**TASK TO CARRY OUT:** What this exercise needs is every entry restated as written, with no pictures.
** Opening EXTRACTED MATERIAL block **
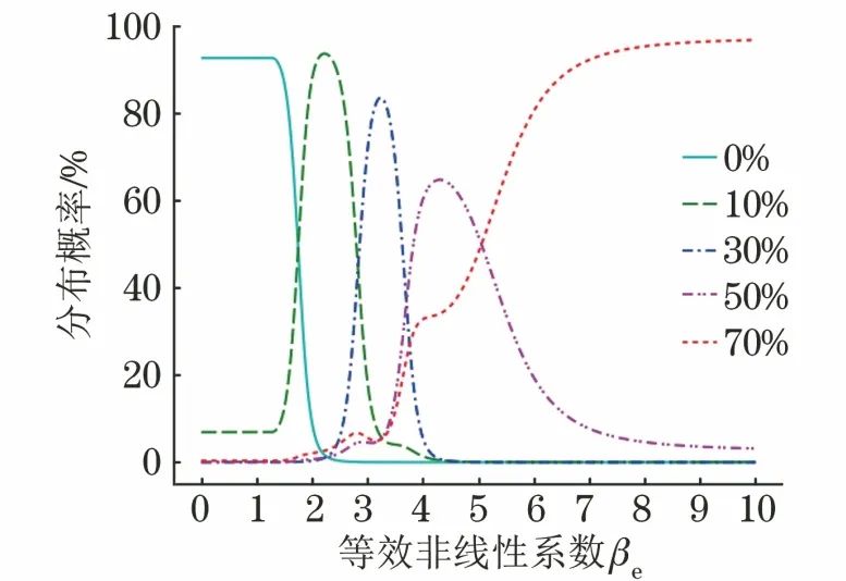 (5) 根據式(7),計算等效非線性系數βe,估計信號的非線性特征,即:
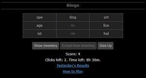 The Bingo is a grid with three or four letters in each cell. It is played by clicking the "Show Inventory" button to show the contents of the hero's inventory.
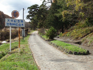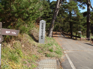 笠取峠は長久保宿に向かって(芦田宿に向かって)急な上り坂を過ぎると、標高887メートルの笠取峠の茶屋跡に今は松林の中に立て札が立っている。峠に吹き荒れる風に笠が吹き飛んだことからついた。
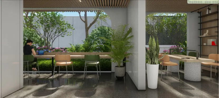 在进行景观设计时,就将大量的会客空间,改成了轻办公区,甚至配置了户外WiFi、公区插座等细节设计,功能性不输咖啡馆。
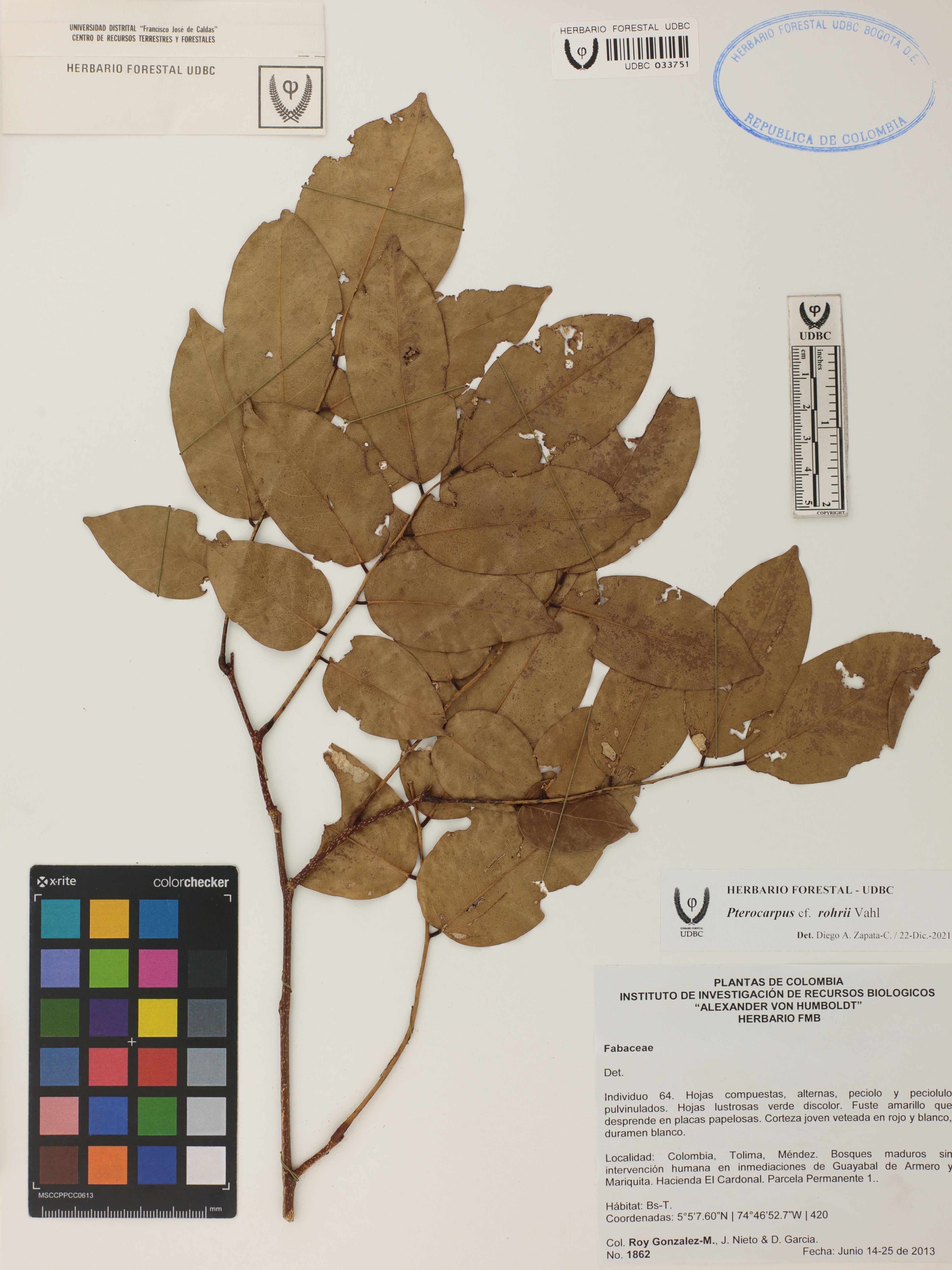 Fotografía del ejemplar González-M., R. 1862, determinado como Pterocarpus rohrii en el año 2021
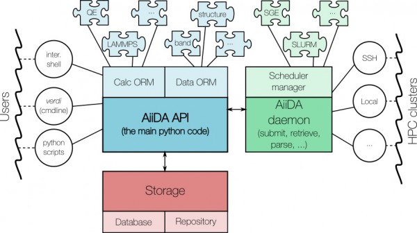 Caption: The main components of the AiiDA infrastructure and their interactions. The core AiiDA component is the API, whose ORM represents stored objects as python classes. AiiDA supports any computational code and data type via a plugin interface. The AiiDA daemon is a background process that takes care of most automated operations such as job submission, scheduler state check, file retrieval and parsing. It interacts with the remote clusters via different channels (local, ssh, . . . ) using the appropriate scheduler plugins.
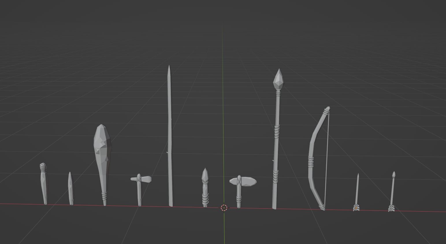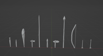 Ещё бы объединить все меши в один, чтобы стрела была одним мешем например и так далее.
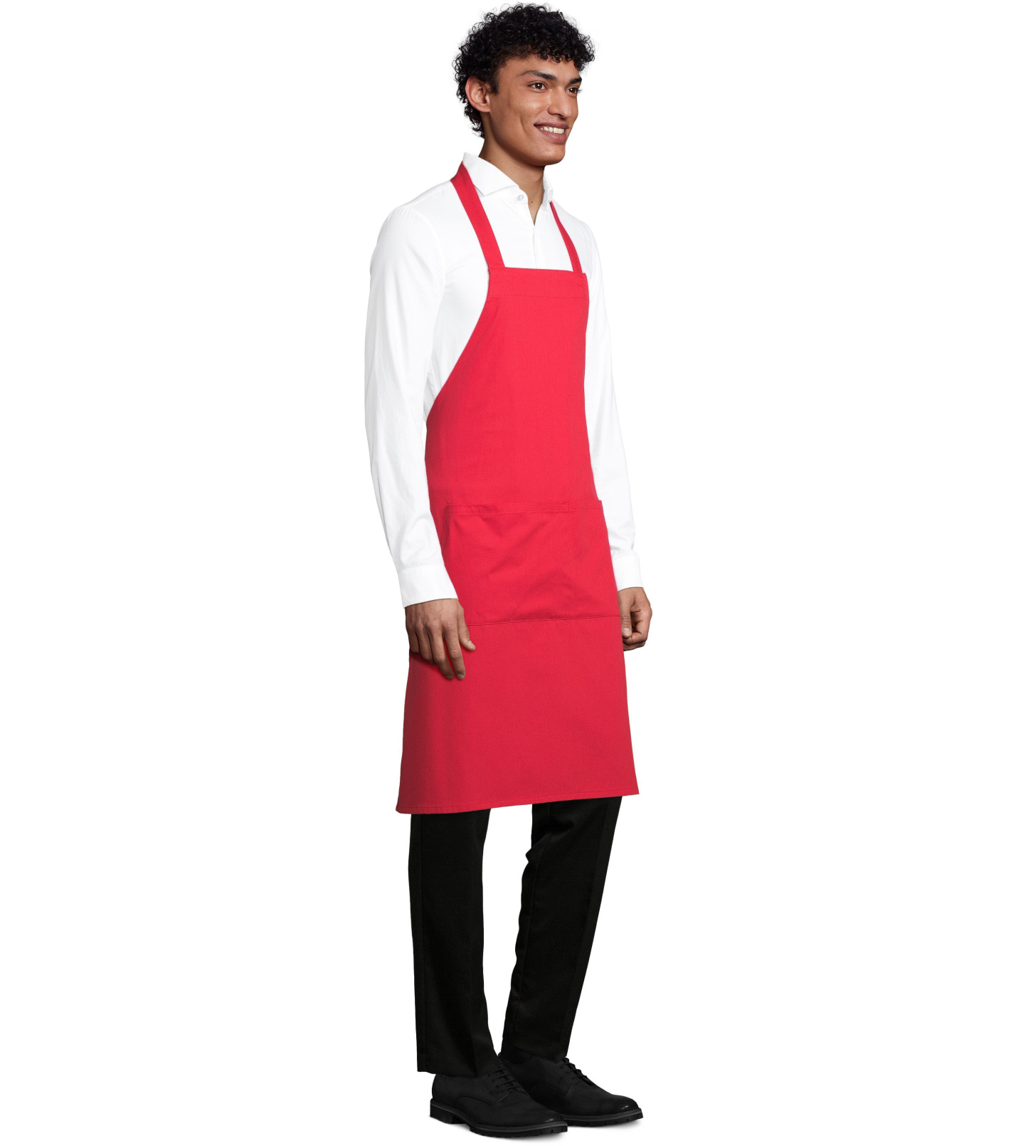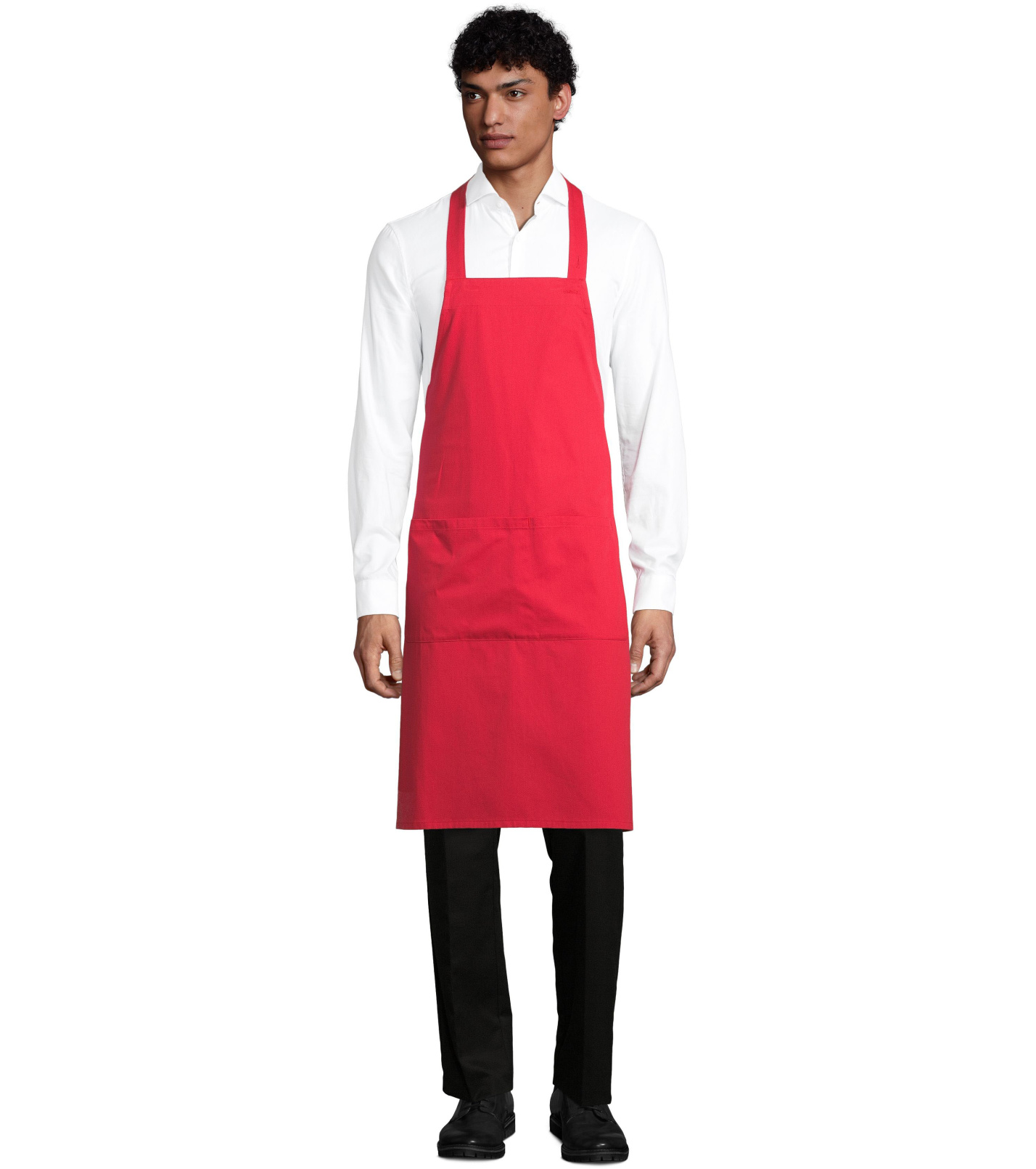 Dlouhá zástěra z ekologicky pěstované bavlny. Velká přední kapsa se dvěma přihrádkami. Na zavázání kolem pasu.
** Closing EXTRACTED MATERIAL block **
**OUTPUT BELOW:**
 (5) 根據式(7),計算等效非線性系數βe,估計信號的非線性特征,即:
 The Bingo is a grid with three or four letters in each cell. It is played by clicking the "Show Inventory" button to show the contents of the hero's inventory.
 笠取峠は長久保宿に向かって(芦田宿に向かって)急な上り坂を過ぎると、標高887メートルの笠取峠の茶屋跡に今は松林の中に立て札が立っている。峠に吹き荒れる風に笠が吹き飛んだことからついた。
 在进行景观设计时,就将大量的会客空间,改成了轻办公区,甚至配置了户外WiFi、公区插座等细节设计,功能性不输咖啡馆。
 Fotografía del ejemplar González-M., R. 1862, determinado como Pterocarpus rohrii en el año 2021
 Caption: The main components of the AiiDA infrastructure and their interactions. The core AiiDA component is the API, whose ORM represents stored objects as python classes. AiiDA supports any computational code and data type via a plugin interface. The AiiDA daemon is a background process that takes care of most automated operations such as job submission, scheduler state check, file retrieval and parsing. It interacts with the remote clusters via different channels (local, ssh, . . . ) using the appropriate scheduler plugins.
 Ещё бы объединить все меши в один, чтобы стрела была одним мешем например и так далее.
 Dlouhá zástěra z ekologicky pěstované bavlny. Velká přední kapsa se dvěma přihrádkami. Na zavázání kolem pasu.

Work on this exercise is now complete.